* **TASK INSTRUCTIONS**:
Take the records below and set down exactly the lines from the one with "优异的pH稳定性,可有效改善" to the one with "Champignons de Paris", ends included; do not copy the pictures.

(PROVIDED RECORDS Opens)

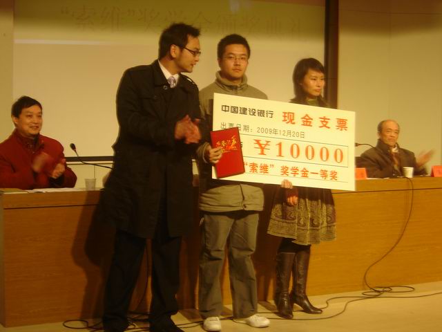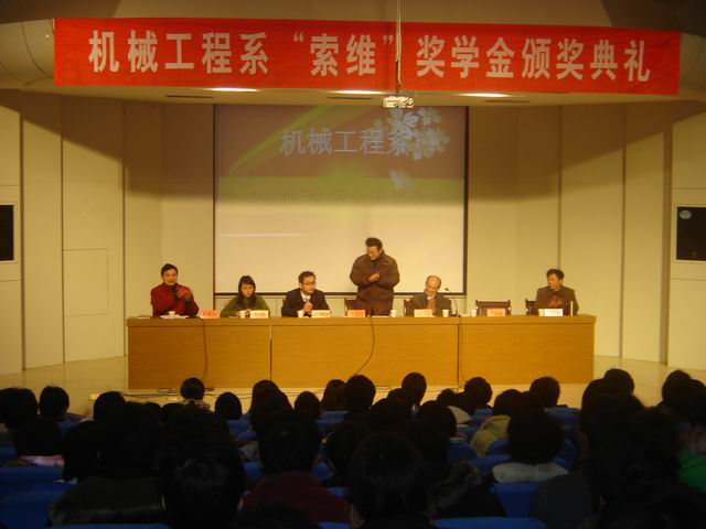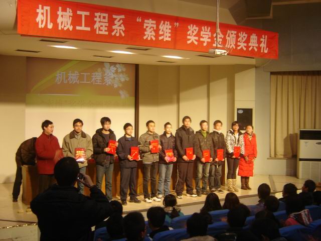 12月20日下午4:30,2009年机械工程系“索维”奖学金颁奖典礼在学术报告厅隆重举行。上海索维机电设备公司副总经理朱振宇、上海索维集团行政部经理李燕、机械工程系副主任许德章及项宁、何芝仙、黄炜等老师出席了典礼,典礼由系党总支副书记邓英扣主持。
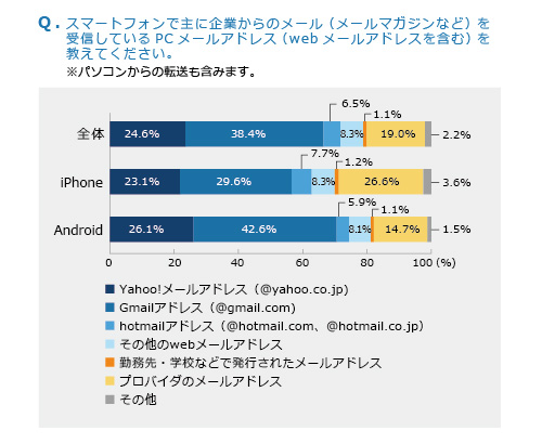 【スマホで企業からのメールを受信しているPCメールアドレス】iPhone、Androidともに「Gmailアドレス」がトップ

(PROVIDED RECORDS Closes)
(PROVIDED RECORDS Opens)

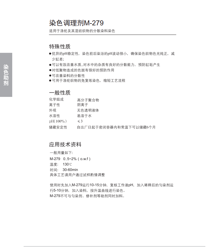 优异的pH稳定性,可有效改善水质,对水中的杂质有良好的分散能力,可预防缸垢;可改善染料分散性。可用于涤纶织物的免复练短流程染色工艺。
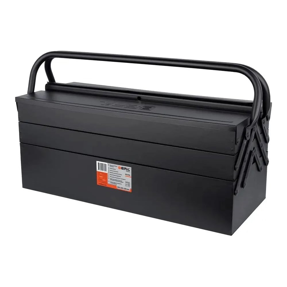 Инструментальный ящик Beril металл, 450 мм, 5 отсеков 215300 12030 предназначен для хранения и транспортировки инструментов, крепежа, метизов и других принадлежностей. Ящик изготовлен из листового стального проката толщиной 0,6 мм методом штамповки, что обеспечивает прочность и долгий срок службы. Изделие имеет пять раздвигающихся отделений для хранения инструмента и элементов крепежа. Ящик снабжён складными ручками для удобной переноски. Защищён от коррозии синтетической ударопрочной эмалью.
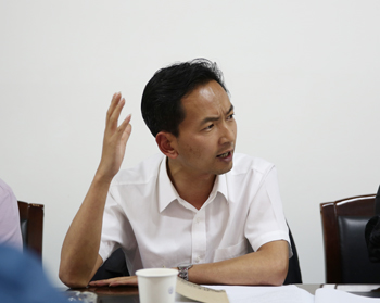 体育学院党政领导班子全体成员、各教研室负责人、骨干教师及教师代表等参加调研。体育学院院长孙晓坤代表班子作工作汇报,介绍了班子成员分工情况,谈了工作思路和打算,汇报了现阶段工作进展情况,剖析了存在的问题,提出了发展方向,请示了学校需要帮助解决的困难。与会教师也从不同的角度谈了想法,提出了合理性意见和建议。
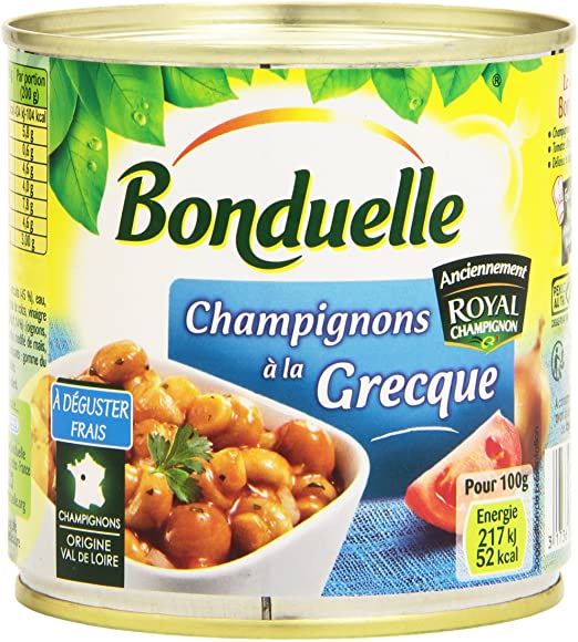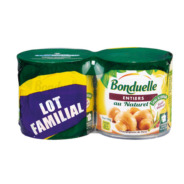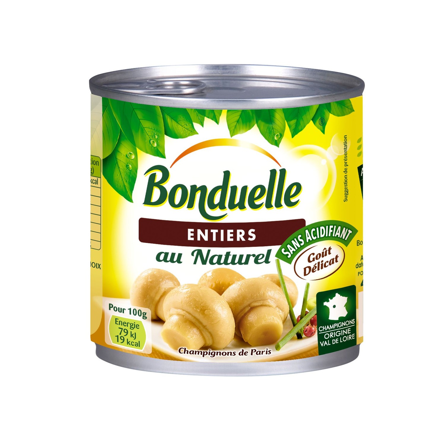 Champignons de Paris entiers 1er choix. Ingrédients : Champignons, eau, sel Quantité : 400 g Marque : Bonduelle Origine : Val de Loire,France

(PROVIDED RECORDS Closes)

* **EXERCISE RESPONSE**:
 优异的pH稳定性,可有效改善水质,对水中的杂质有良好的分散能力,可预防缸垢;可改善染料分散性。可用于涤纶织物的免复练短流程染色工艺。
 Инструментальный ящик Beril металл, 450 мм, 5 отсеков 215300 12030 предназначен для хранения и транспортировки инструментов, крепежа, метизов и других принадлежностей. Ящик изготовлен из листового стального проката толщиной 0,6 мм методом штамповки, что обеспечивает прочность и долгий срок службы. Изделие имеет пять раздвигающихся отделений для хранения инструмента и элементов крепежа. Ящик снабжён складными ручками для удобной переноски. Защищён от коррозии синтетической ударопрочной эмалью.
 体育学院党政领导班子全体成员、各教研室负责人、骨干教师及教师代表等参加调研。体育学院院长孙晓坤代表班子作工作汇报,介绍了班子成员分工情况,谈了工作思路和打算,汇报了现阶段工作进展情况,剖析了存在的问题,提出了发展方向,请示了学校需要帮助解决的困难。与会教师也从不同的角度谈了想法,提出了合理性意见和建议。
 Champignons de Paris entiers 1er choix. Ingrédients : Champignons, eau, sel Quantité : 400 g Marque : Bonduelle Origine : Val de Loire,France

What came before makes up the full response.